[Stored items from a collection]

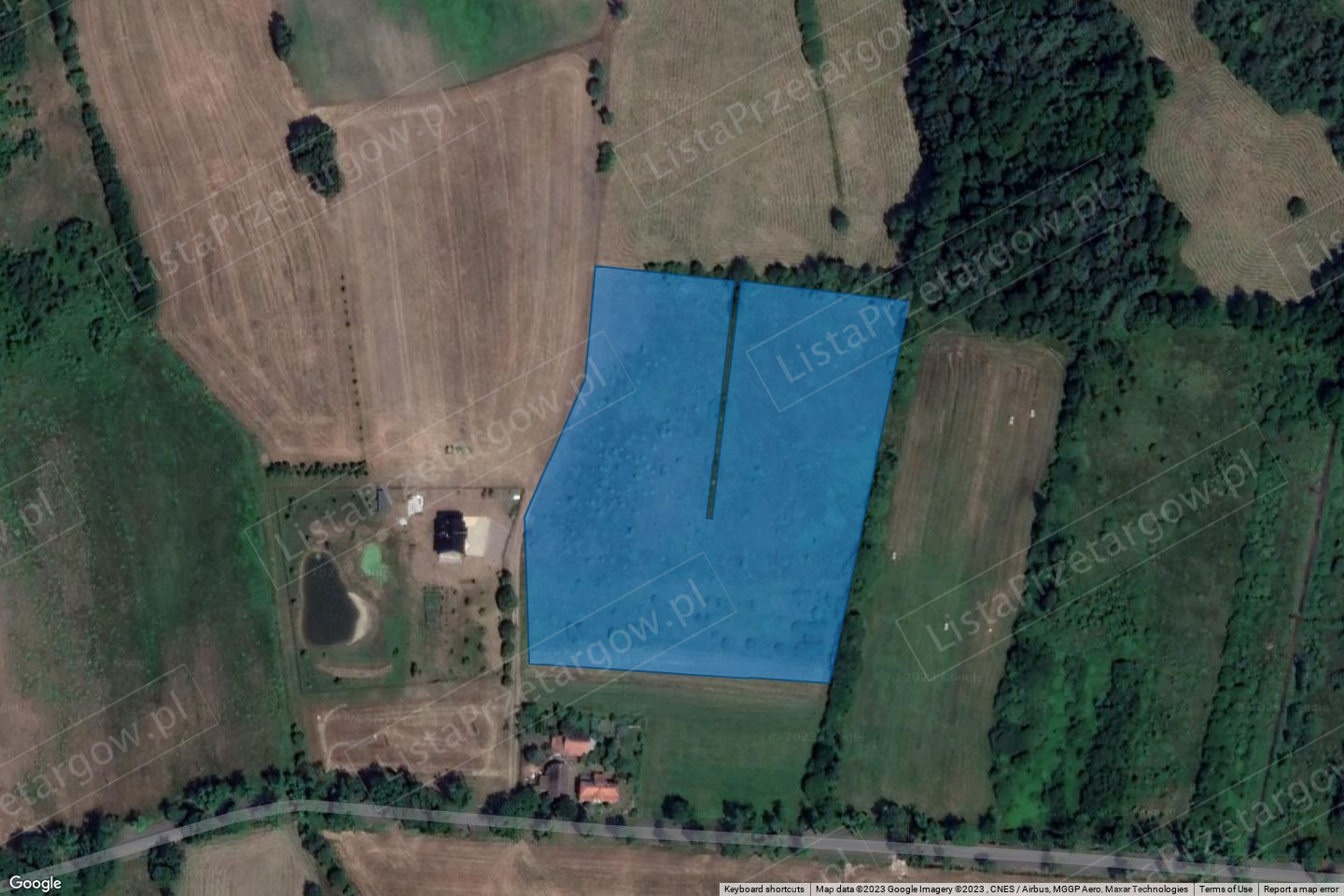 rozdziela go rów melioracyjny. Nachylenie ternu płaskie. Działka jest niezabudowana i nieogrodzona.
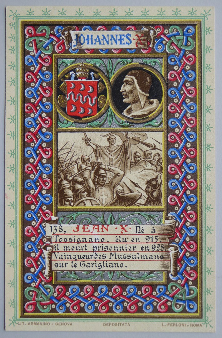 Serie prentbriefkaarten in mapje (XII): paus Johannes X (915-928)
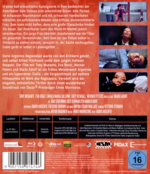 Deutsche Kinofassung (93min); Audiokommentar mit Prof. Dr. Marcus Stiglegger; Audiokommentar von Gerd Naumann; Christopher Klaese und Marco Geßner; Deutscher Trailer; Italienischer Trailer; Englischer Trailer; A cut above the Rest ; Interview mit Alan Jones (Englisch mit optionalen deutschen und englischen Untertiteln); A crystal Classic ; Interview mit Luigi Cozzi (Italienisch mit optionalen deutschen und englischen Untertiteln); The Italian Hitchcock ; Interview mit Dario Argento (Italienisch mit optionalen deutschen und englischen Untertiteln); TV-Spot 1; TV-Spot 2; Bildergalerie; Wendecover mit 2. Motiv
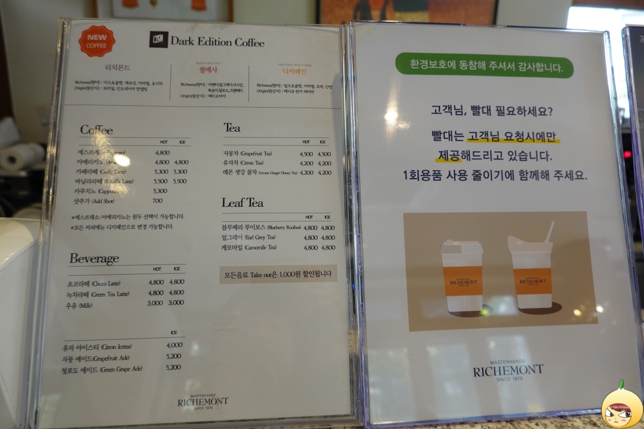 리치몬드과자점에는 산미가 있는 원두가 있다. 리치몬드는 다크 원두, 첼베사가 산미원두로 라벤더, 얼그레이, 자스민, 복숭아, 청포도, 크랜베리 향미가 있다고 하는데, 하나도 느끼지 못했다는 거, 절대 안 비밀이다. 원두 원산지는 에티오피아이다. 요청 시에만 빨대를 제공한다는 문구, 무지무지 맘에 든다.
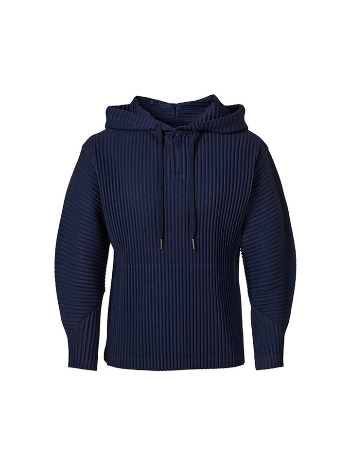 [몽플리쎄] 공용 컴포트 플리츠 후드 티셔츠 (네이비)
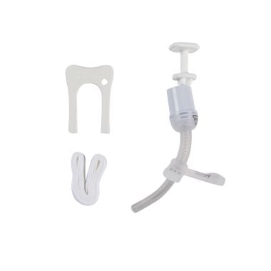 A flexible tube extension helps keep connections away from the neck, chin, and stoma.
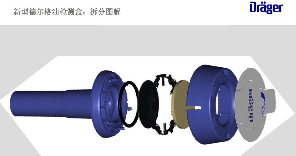 只能使用德爾格原裝配件連接至氣源壓力管線。5分鐘測量完成之后揭開油檢測盒表層的保護膜,應確保徹底將油檢測盒推入油盒適配器8103557里面并檢查是否正確安裝。
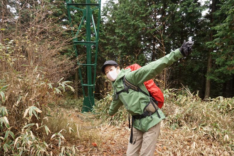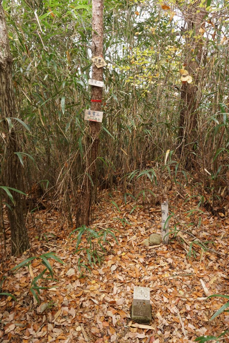 妙見寺からすぐに一座目の落葉山に到着。ルートの脇にありお喋りしているとおそらく見逃してしまいそうなひっそりとした場所に三角点があります。
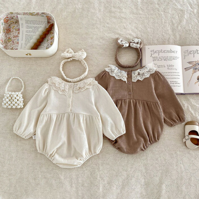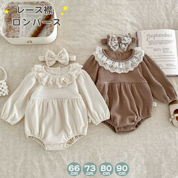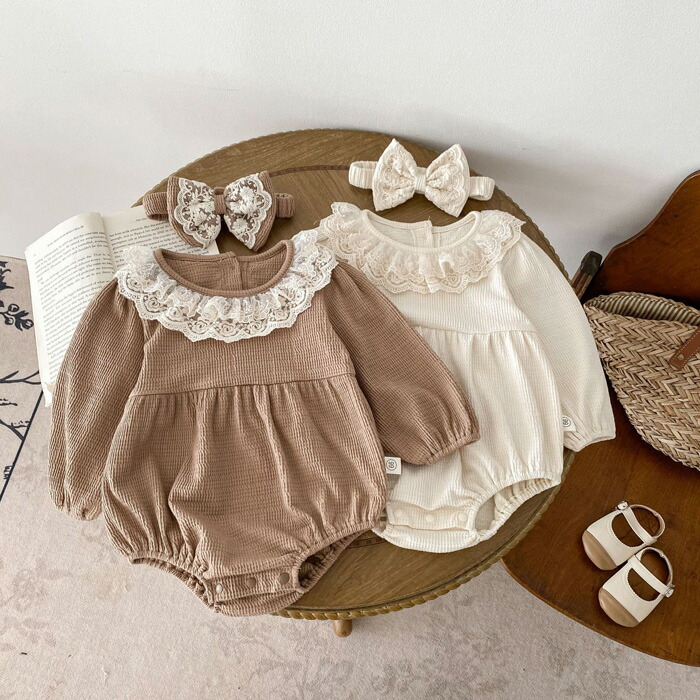 ベビー服 長袖 ロンパース ワッフルロンパース セット ヘアバンド キッズ ベビー 赤ちゃん レース襟 カバーオール 新生児 女の子 子ども フォーマル お宮参り お食い初め 服 七五三
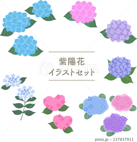あじさいの水彩風イラストセット
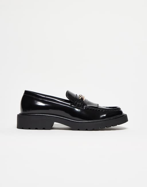 ASOS DESIGN – Loafer in Schwarz mit goldfarbener Kette
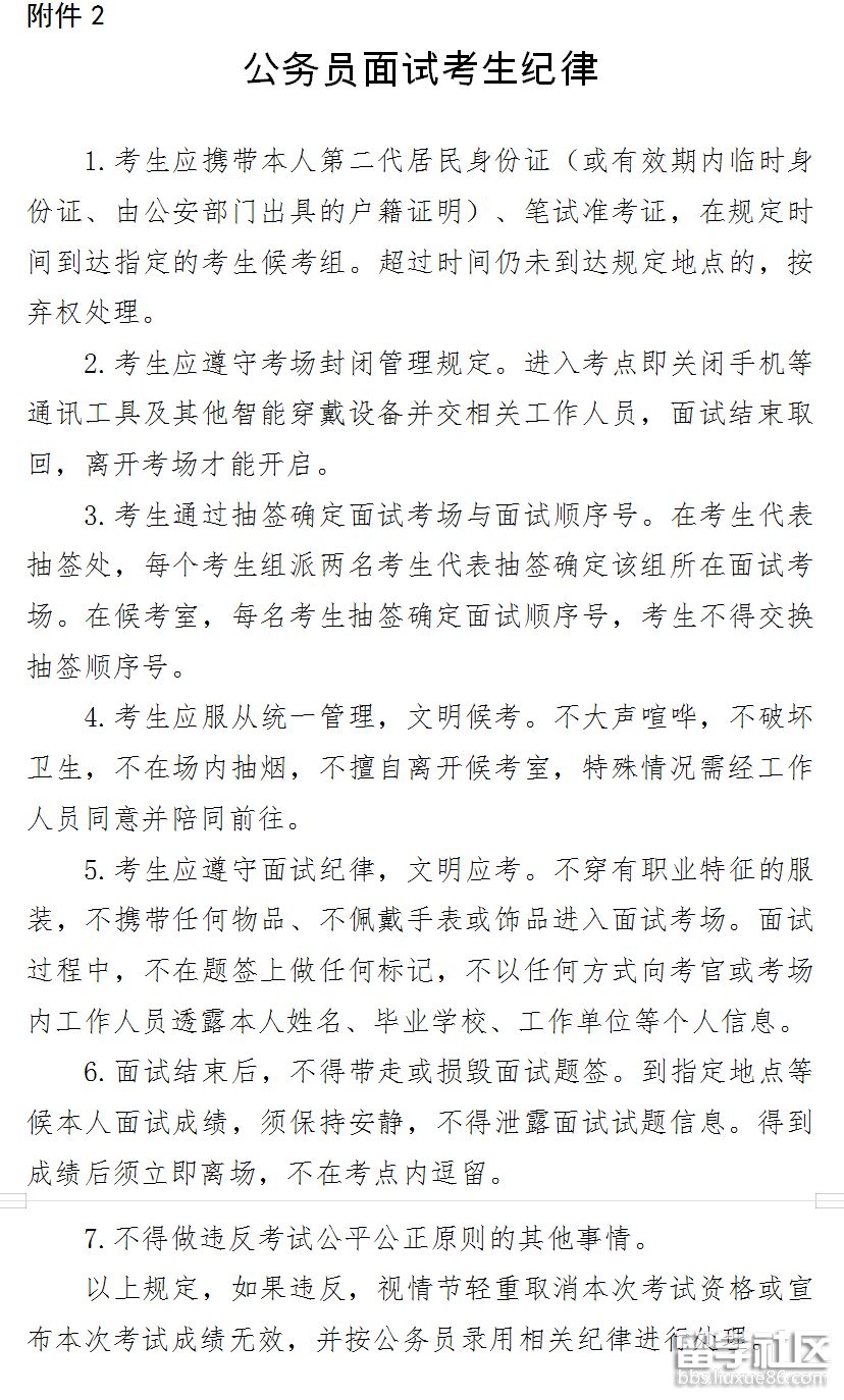 1.考生須在規(guī)定的時間內(nèi),憑筆試準考證、第二代居民身份證(或有效期內(nèi)臨時身份證、由公安部門出具的戶籍證明),進入考點參加面試。
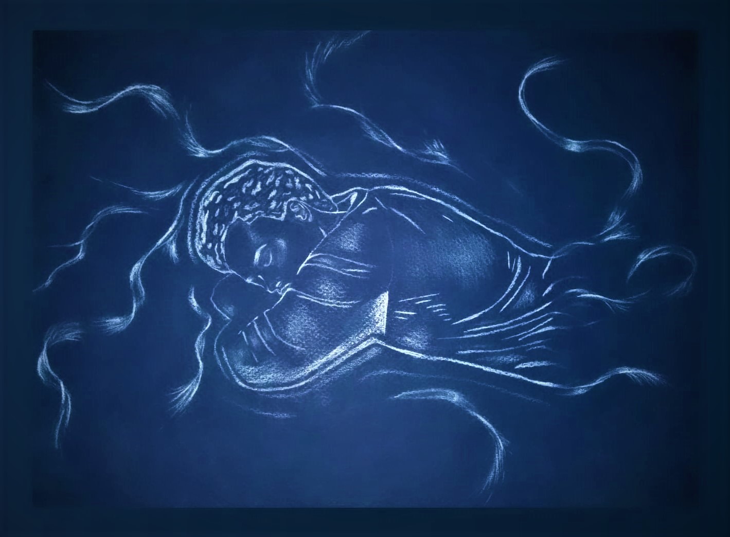 White charcoal on blue, matte construction paper. I added a vignette filter to highlight the camera flash.
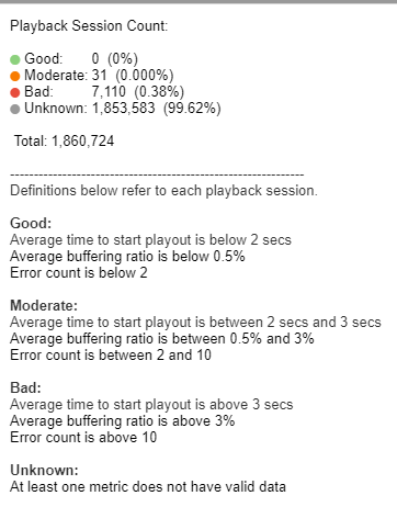 The table is sorted by Distinct Device count. Individual rows can be highlighted by single-clicking. A mouseover tooltip gives further information and definitions for QoE.
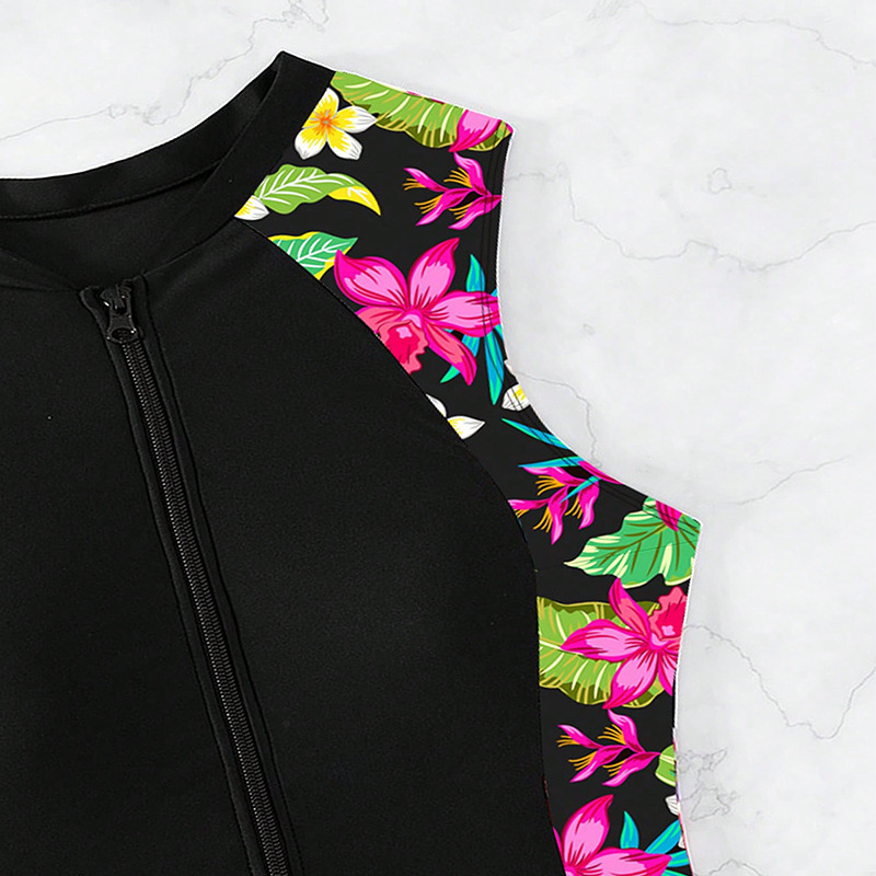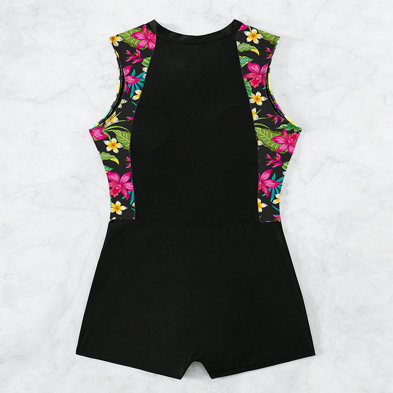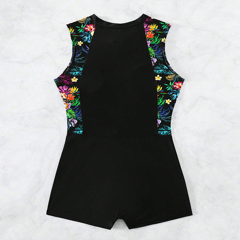 2024년 신상품 알리익스프레스 프린트 지퍼 보수적인 원피스 수영복 여성용 플랫 코너 배 가리기 비키니 수영복 다이빙복
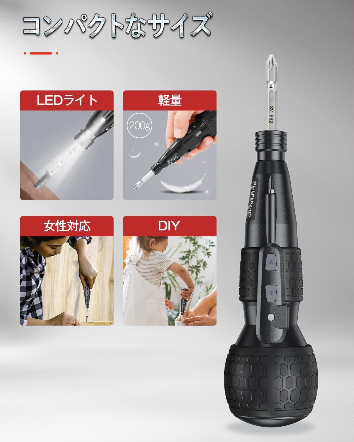 【コンパクト・軽量・コードレス設計】手軽なサイズ感と軽量設計で長時間の作業も楽にできる電動ドライバーです。本体は約200gの軽量設計、女性にもストレスなく長時間使用できます。充電式コードレスタイプでどこでも気軽に作業できます。コンセントがない場所でも使えるうえ、作業中にコードが邪魔にならず取り回しが格段に優れています。
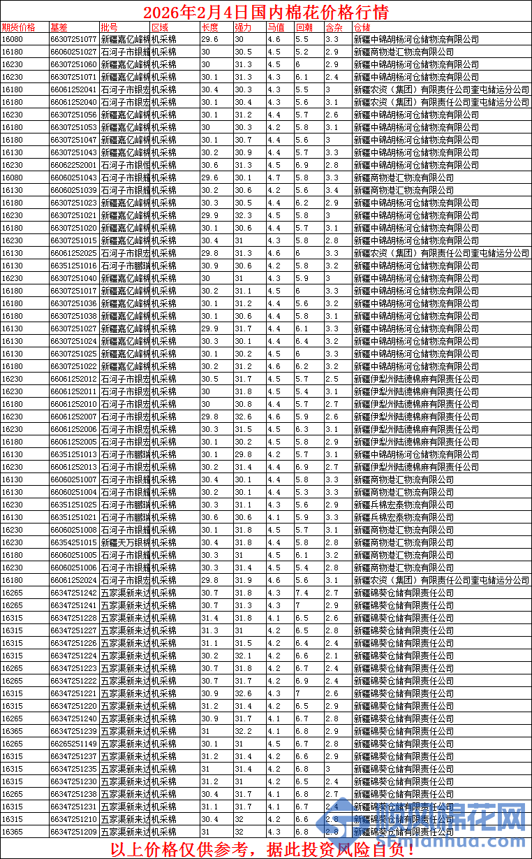 核心提示:2月4日国内棉花价格行情
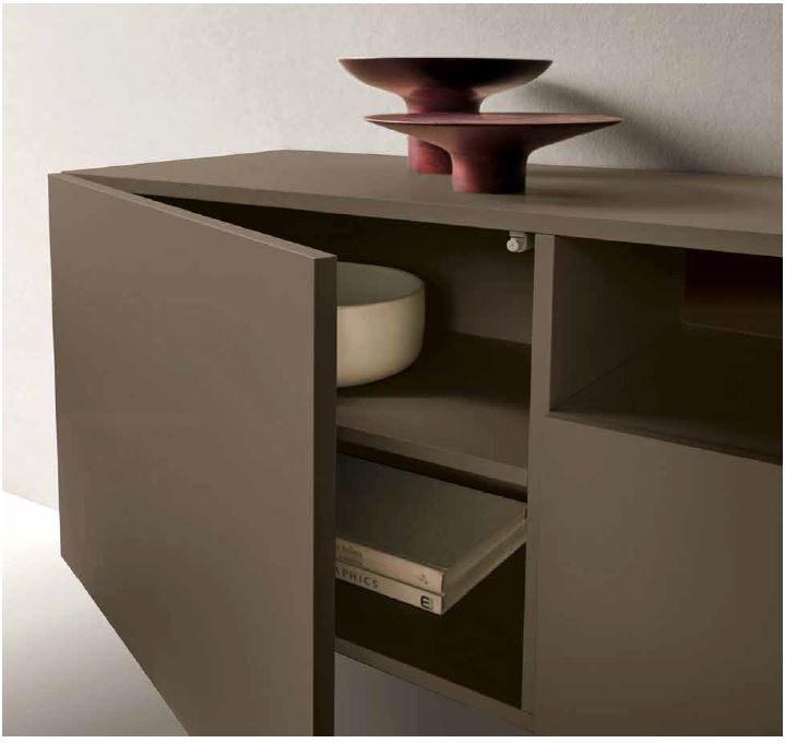 Melamine sideboard with a linear design with a large open compartment serving both aesthetic and practical purposes. The storage space is divided between a hinged door with a fixed central shelf and a push-pull opening system and a drop-down door with a piston opening system. The sideboard offers two configurations: anchored to the wall in the wall-mounted version or positioned on the floor with five triangular black ABS feet. Available in three matte finishes

Prompt
Nothing but the lines from the first line of the data through the line with "Serie prentbriefkaarten in" belongs in the answer, copied exactly and without pictures.

Exercise answer
 rozdziela go rów melioracyjny. Nachylenie ternu płaskie. Działka jest niezabudowana i nieogrodzona.
 Serie prentbriefkaarten in mapje (XII): paus Johannes X (915-928)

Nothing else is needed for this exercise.